The CrossRef API provides richer metadata and supports batch queries without content negotiation.

Single Paper Lookup

import requests

doi = "10.1038/s41586-021-03819-2"
response = requests.get(
    f"https://api.crossref.org/works/{doi}",
    headers={"User-Agent": "ResearchClaw/1.0 (mailto:you@university.edu)"}
)

work = response.json()["message"]
print(f"Title: {work['title'][0]}")
print(f"Publisher: {work['publisher']}")
print(f"Citation count: {work.get('is-referenced-by-count', 0)}")
print(f"Reference count: {work.get('references-count', 0)}")
print(f"License: {work.get('license', [{}])[0].get('URL', 'N/A')}")

Batch DOI Resolution

dois = [
    "10.1038/s41586-021-03819-2",
    "10.1126/science.abj8754",
    "10.1016/j.cell.2021.06.025"
]

results = []
for doi in dois:
    resp = requests.get(
        f"https://api.crossref.org/works/{doi}",
        headers={"User-Agent": "ResearchClaw/1.0 (mailto:you@university.edu)"}
    )
    if resp.status_code == 200:
        results.append(resp.json()["message"])
    else:
        print(f"Failed to resolve: {doi}")

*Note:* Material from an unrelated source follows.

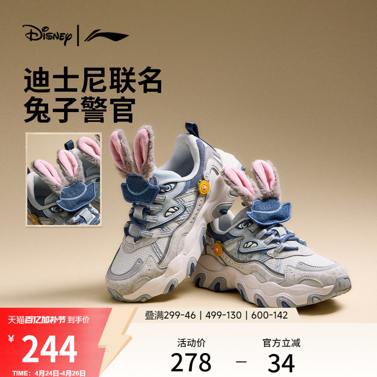 Li Ning Cat Claw LITE3 Zootopia Co-branded|Casual Shoes Women's New Retro Daddy Shoes Platform Sneakers

DOI Validation and Normalization

import re

def normalize_doi(raw_input):
    """Extract and normalize a DOI from various input formats."""
    # Match DOI pattern: 10.XXXX/...
    match = re.search(r'(10\.\d{4,9}/[^\s]+)', raw_input)
    if match:
        doi = match.group(1)
        # Remove trailing punctuation
        doi = doi.rstrip('.,;:)')
        return doi.lower()
    return None

# Examples
normalize_doi("https://doi.org/10.1038/s41586-021-03819-2")  # 10.1038/s41586-021-03819-2
normalize_doi("DOI: 10.1038/s41586-021-03819-2.")            # 10.1038/s41586-021-03819-2
normalize_doi("See paper at doi.org/10.1038/s41586-021-03819-2 for details")  # works too

Practical Tips

Polite pool: CrossRef provides faster responses to requests with a
```
User-Agent
```
header that includes a
```
mailto:
```
contact. This is their "polite pool" with higher rate limits.
OpenAlex alternative: OpenAlex (https://api.openalex.org/works/doi:10.xxx/yyy) provides similar metadata for free, with richer entity linking.
Handle redirects: Always use
```
allow_redirects=True
```
(or
```
-L
```
in curl) as DOIs redirect through the resolver.
Caching: DOI metadata rarely changes. Cache resolved metadata locally to avoid redundant API calls.
Rate limits: CrossRef allows 50 requests/second in the polite pool. For bulk operations, use their data dumps instead.